● What you should do: The entries below need to be written out exactly, with no pictures included.

[Opening Raw data section]

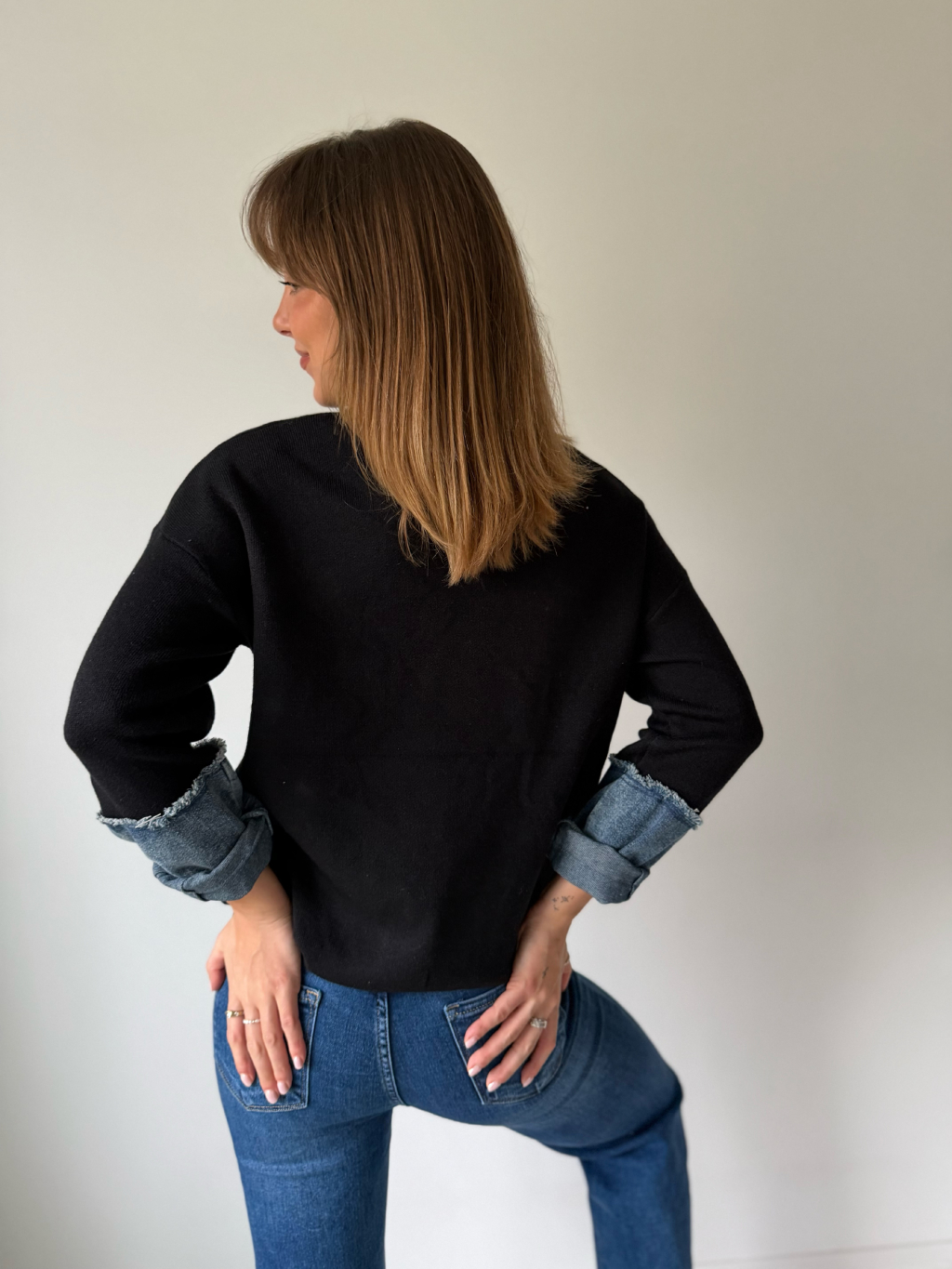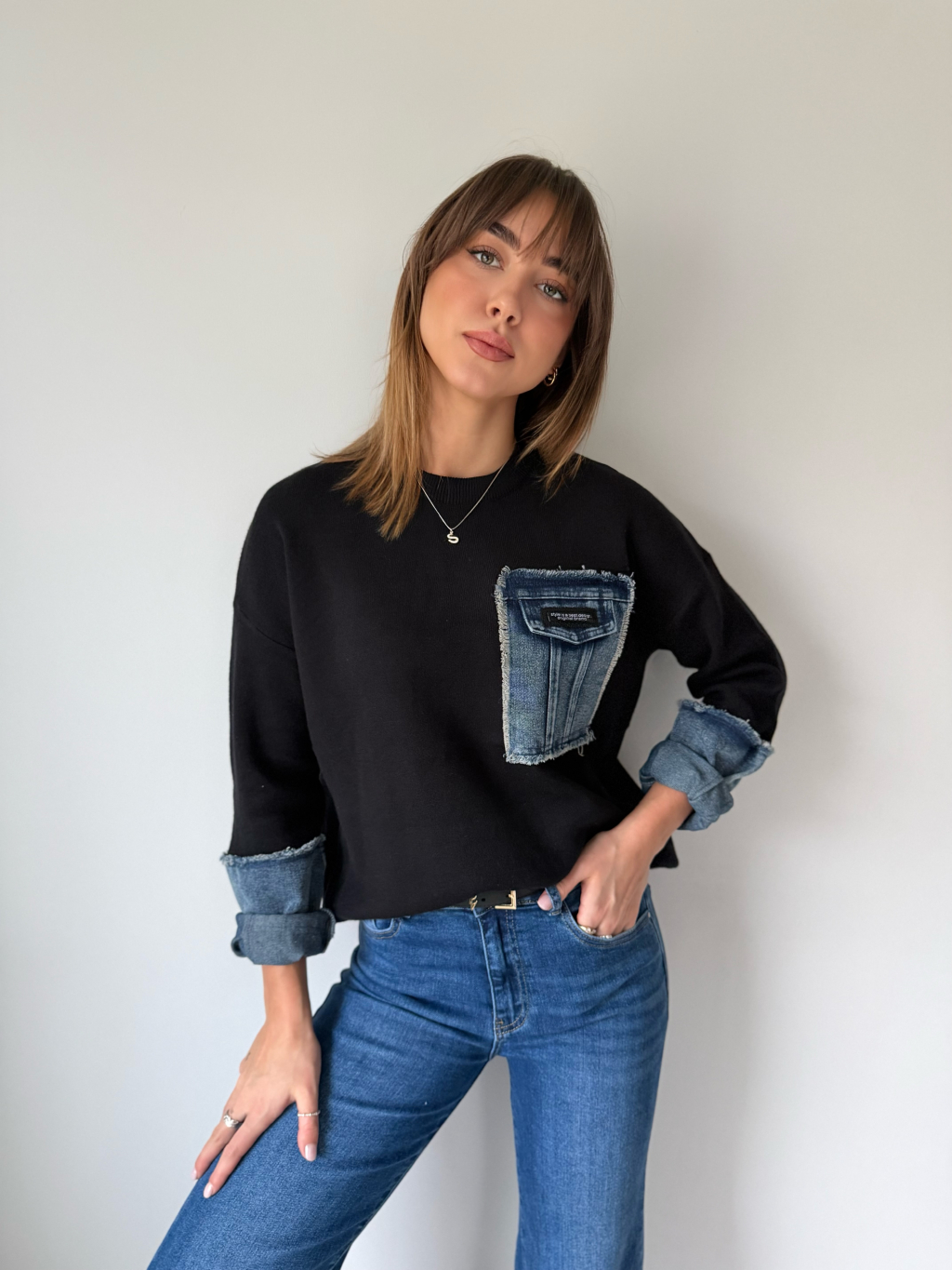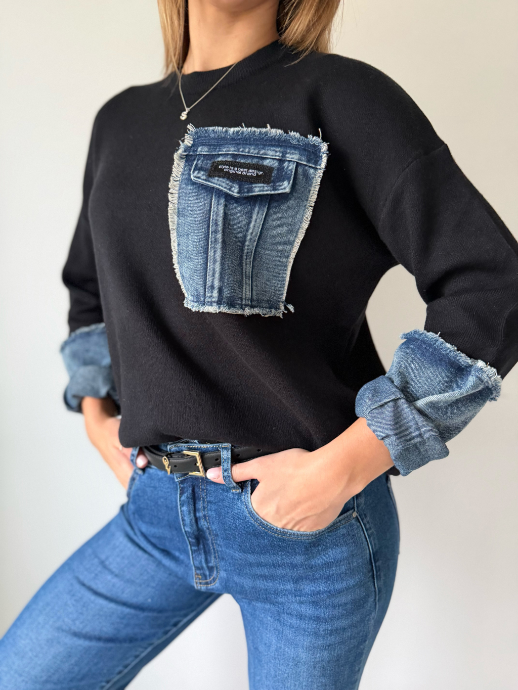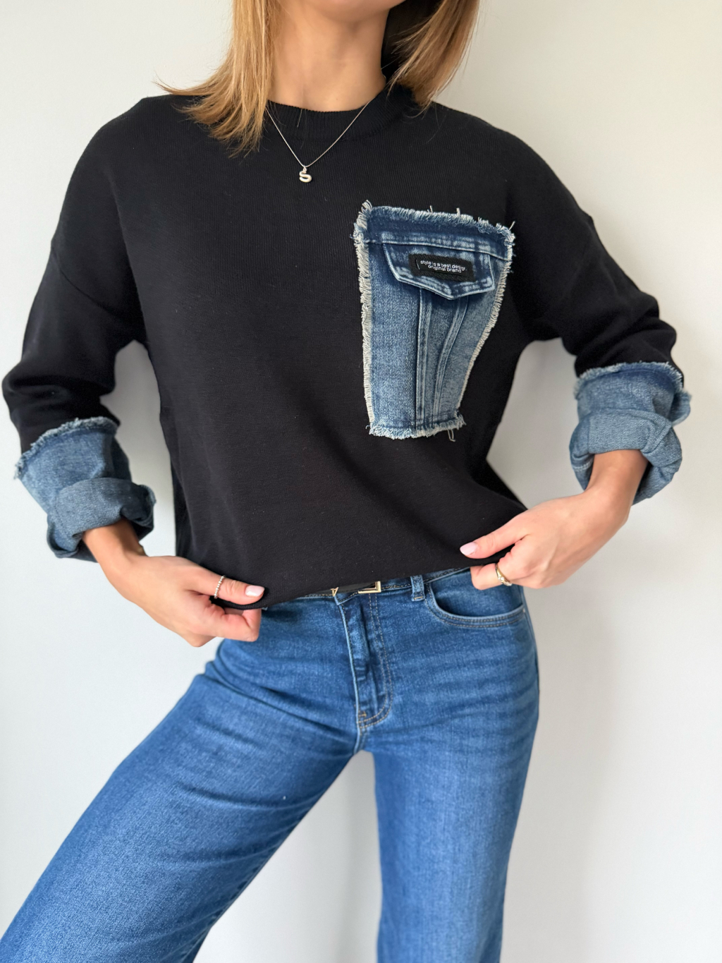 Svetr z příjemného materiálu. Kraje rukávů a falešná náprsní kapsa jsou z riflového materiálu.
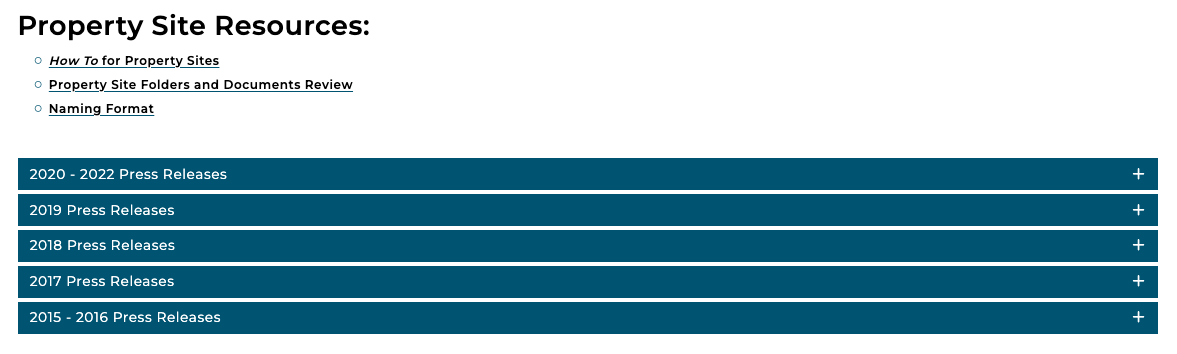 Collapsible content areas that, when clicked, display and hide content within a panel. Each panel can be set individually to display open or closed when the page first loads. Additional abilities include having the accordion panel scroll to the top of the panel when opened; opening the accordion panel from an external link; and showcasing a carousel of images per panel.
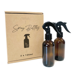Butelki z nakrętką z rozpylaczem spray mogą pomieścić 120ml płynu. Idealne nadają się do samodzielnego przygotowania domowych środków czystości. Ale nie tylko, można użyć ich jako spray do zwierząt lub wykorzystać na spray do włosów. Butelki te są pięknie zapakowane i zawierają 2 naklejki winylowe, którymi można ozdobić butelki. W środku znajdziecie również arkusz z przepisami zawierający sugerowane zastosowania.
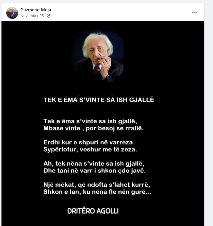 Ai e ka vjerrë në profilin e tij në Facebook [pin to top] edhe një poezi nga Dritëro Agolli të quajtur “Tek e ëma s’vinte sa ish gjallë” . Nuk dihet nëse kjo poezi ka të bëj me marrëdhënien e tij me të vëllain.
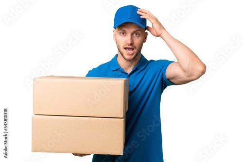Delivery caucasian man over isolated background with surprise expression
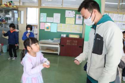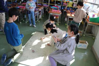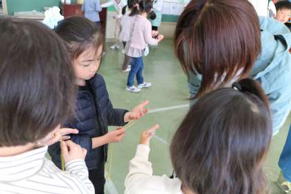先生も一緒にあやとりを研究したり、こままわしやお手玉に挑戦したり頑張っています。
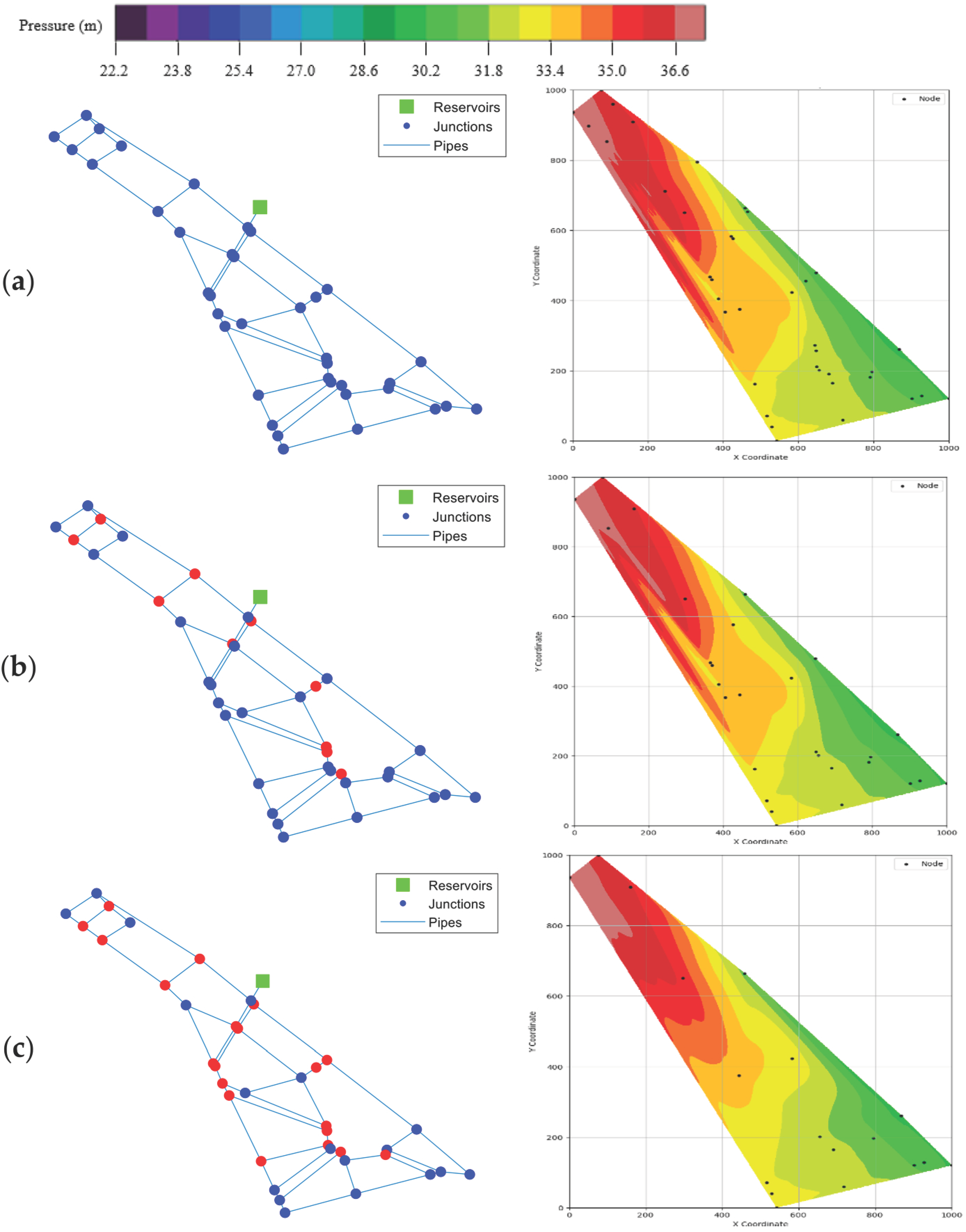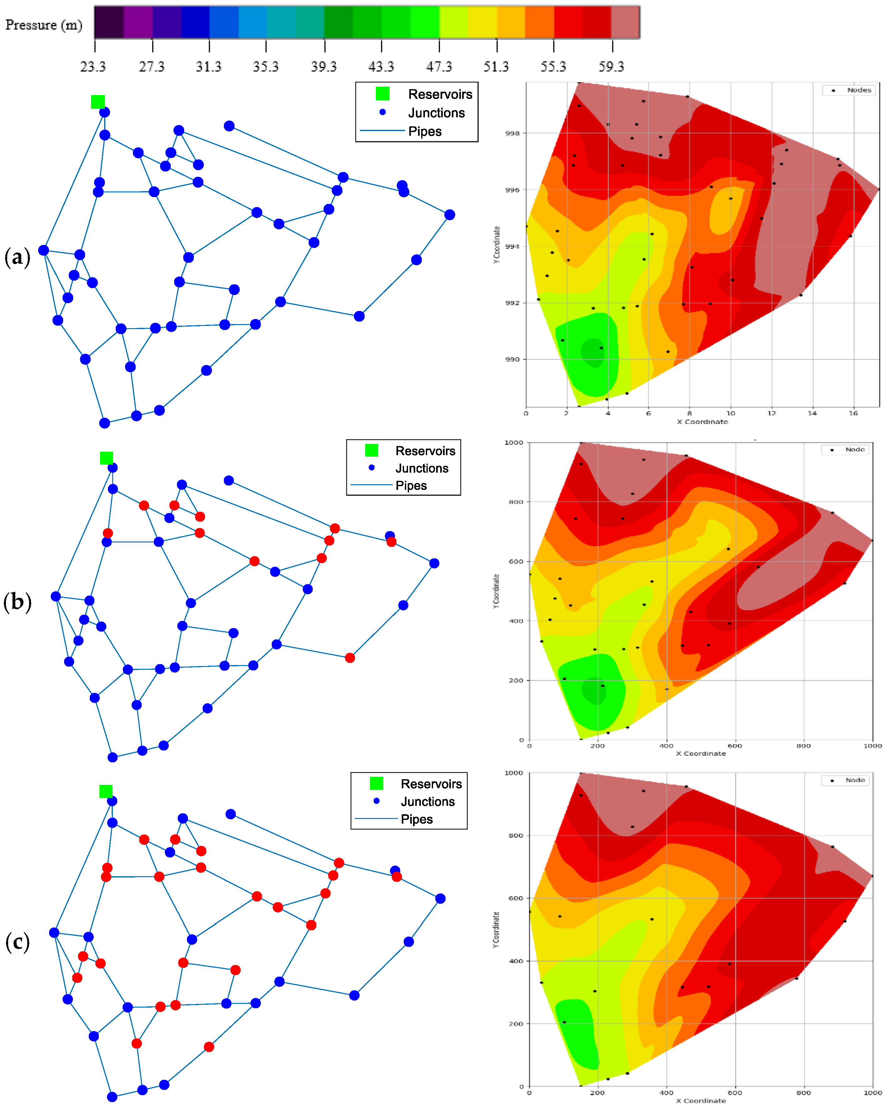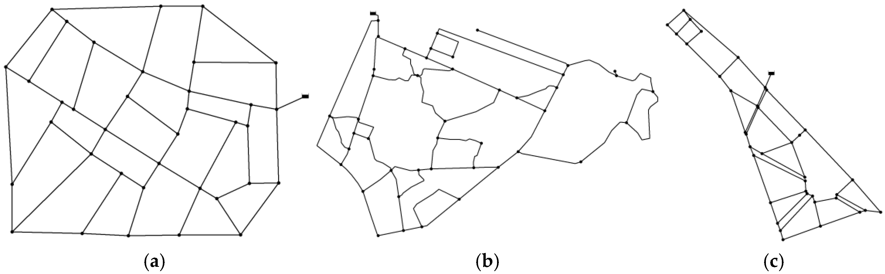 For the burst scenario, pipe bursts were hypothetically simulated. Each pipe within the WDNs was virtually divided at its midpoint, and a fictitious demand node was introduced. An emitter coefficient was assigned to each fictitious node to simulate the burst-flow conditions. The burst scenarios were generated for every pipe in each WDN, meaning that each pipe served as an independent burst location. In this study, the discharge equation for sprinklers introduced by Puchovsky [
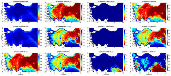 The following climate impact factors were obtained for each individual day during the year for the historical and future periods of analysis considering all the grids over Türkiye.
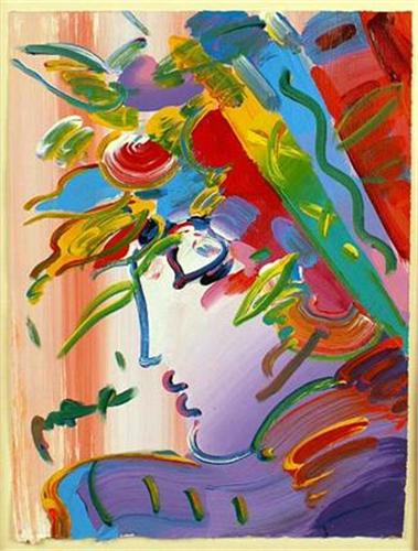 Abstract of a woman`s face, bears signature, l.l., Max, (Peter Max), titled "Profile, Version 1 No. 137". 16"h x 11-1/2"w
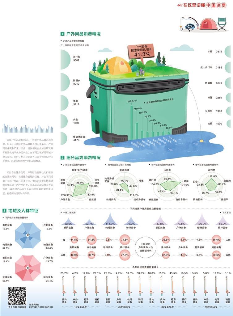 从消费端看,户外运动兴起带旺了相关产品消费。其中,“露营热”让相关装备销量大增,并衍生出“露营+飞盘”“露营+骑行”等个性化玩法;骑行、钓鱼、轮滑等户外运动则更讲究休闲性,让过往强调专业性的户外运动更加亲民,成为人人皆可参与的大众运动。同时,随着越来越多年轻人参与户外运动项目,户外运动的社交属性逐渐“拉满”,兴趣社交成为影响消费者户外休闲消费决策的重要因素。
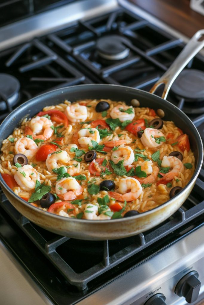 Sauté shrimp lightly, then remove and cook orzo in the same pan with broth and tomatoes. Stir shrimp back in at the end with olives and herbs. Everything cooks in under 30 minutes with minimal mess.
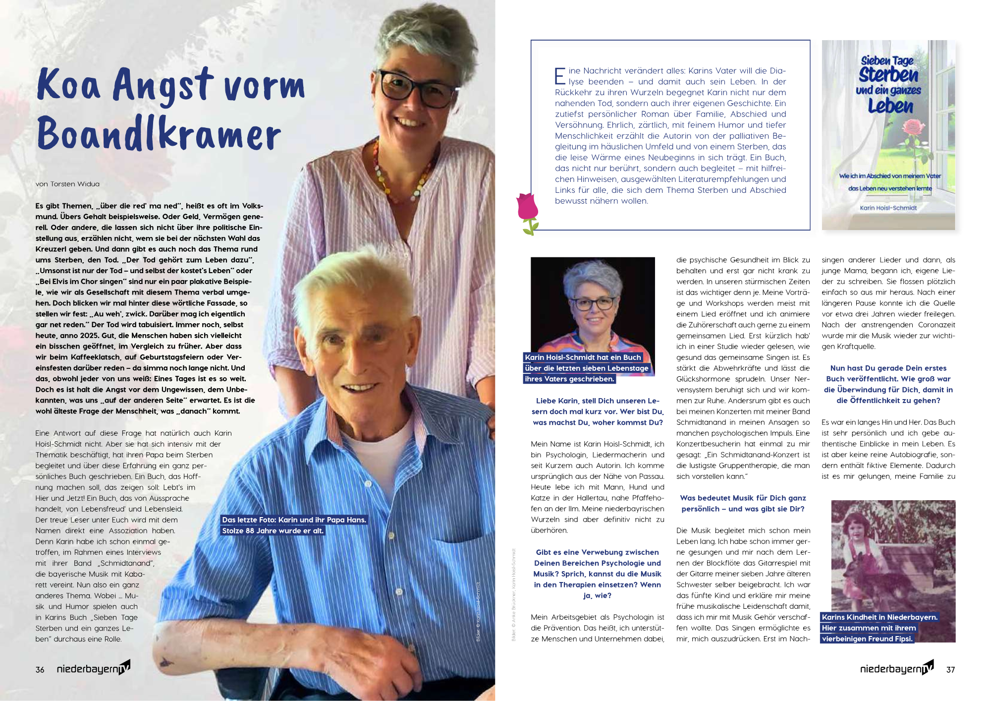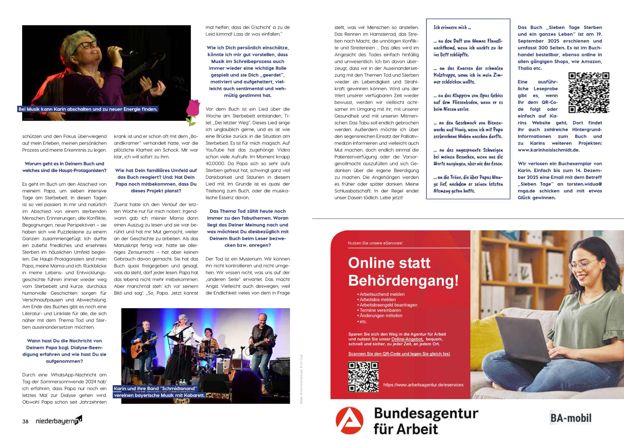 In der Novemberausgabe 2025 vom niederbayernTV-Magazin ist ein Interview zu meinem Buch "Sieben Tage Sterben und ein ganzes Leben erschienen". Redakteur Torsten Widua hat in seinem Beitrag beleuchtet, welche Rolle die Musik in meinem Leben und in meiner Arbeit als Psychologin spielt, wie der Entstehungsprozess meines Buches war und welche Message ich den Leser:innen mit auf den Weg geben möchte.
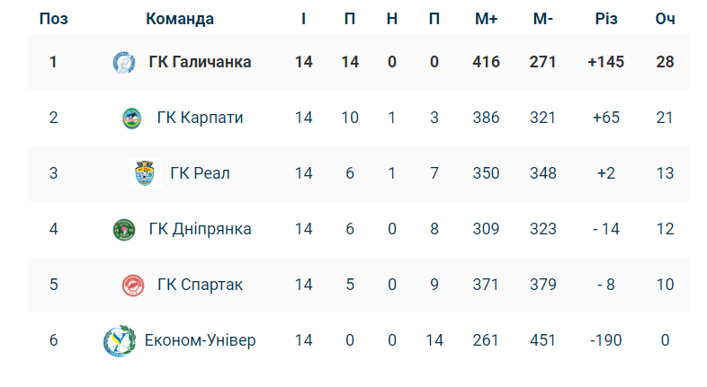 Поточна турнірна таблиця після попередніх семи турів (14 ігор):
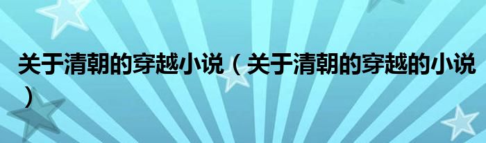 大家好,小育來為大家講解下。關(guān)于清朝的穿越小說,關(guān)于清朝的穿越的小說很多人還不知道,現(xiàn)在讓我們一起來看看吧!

[Closing Raw data section]

● Worked solution:
 Svetr z příjemného materiálu. Kraje rukávů a falešná náprsní kapsa jsou z riflového materiálu.
 Collapsible content areas that, when clicked, display and hide content within a panel. Each panel can be set individually to display open or closed when the page first loads. Additional abilities include having the accordion panel scroll to the top of the panel when opened; opening the accordion panel from an external link; and showcasing a carousel of images per panel.
Butelki z nakrętką z rozpylaczem spray mogą pomieścić 120ml płynu. Idealne nadają się do samodzielnego przygotowania domowych środków czystości. Ale nie tylko, można użyć ich jako spray do zwierząt lub wykorzystać na spray do włosów. Butelki te są pięknie zapakowane i zawierają 2 naklejki winylowe, którymi można ozdobić butelki. W środku znajdziecie również arkusz z przepisami zawierający sugerowane zastosowania.
 Ai e ka vjerrë në profilin e tij në Facebook [pin to top] edhe një poezi nga Dritëro Agolli të quajtur “Tek e ëma s’vinte sa ish gjallë” . Nuk dihet nëse kjo poezi ka të bëj me marrëdhënien e tij me të vëllain.
Delivery caucasian man over isolated background with surprise expression
先生も一緒にあやとりを研究したり、こままわしやお手玉に挑戦したり頑張っています。
 For the burst scenario, pipe bursts were hypothetically simulated. Each pipe within the WDNs was virtually divided at its midpoint, and a fictitious demand node was introduced. An emitter coefficient was assigned to each fictitious node to simulate the burst-flow conditions. The burst scenarios were generated for every pipe in each WDN, meaning that each pipe served as an independent burst location. In this study, the discharge equation for sprinklers introduced by Puchovsky [
 The following climate impact factors were obtained for each individual day during the year for the historical and future periods of analysis considering all the grids over Türkiye.
 Abstract of a woman`s face, bears signature, l.l., Max, (Peter Max), titled "Profile, Version 1 No. 137". 16"h x 11-1/2"w
 从消费端看,户外运动兴起带旺了相关产品消费。其中,“露营热”让相关装备销量大增,并衍生出“露营+飞盘”“露营+骑行”等个性化玩法;骑行、钓鱼、轮滑等户外运动则更讲究休闲性,让过往强调专业性的户外运动更加亲民,成为人人皆可参与的大众运动。同时,随着越来越多年轻人参与户外运动项目,户外运动的社交属性逐渐“拉满”,兴趣社交成为影响消费者户外休闲消费决策的重要因素。
 Sauté shrimp lightly, then remove and cook orzo in the same pan with broth and tomatoes. Stir shrimp back in at the end with olives and herbs. Everything cooks in under 30 minutes with minimal mess.
 In der Novemberausgabe 2025 vom niederbayernTV-Magazin ist ein Interview zu meinem Buch "Sieben Tage Sterben und ein ganzes Leben erschienen". Redakteur Torsten Widua hat in seinem Beitrag beleuchtet, welche Rolle die Musik in meinem Leben und in meiner Arbeit als Psychologin spielt, wie der Entstehungsprozess meines Buches war und welche Message ich den Leser:innen mit auf den Weg geben möchte.
 Поточна турнірна таблиця після попередніх семи турів (14 ігор):
 大家好,小育來為大家講解下。關(guān)于清朝的穿越小說,關(guān)于清朝的穿越的小說很多人還不知道,現(xiàn)在讓我們一起來看看吧!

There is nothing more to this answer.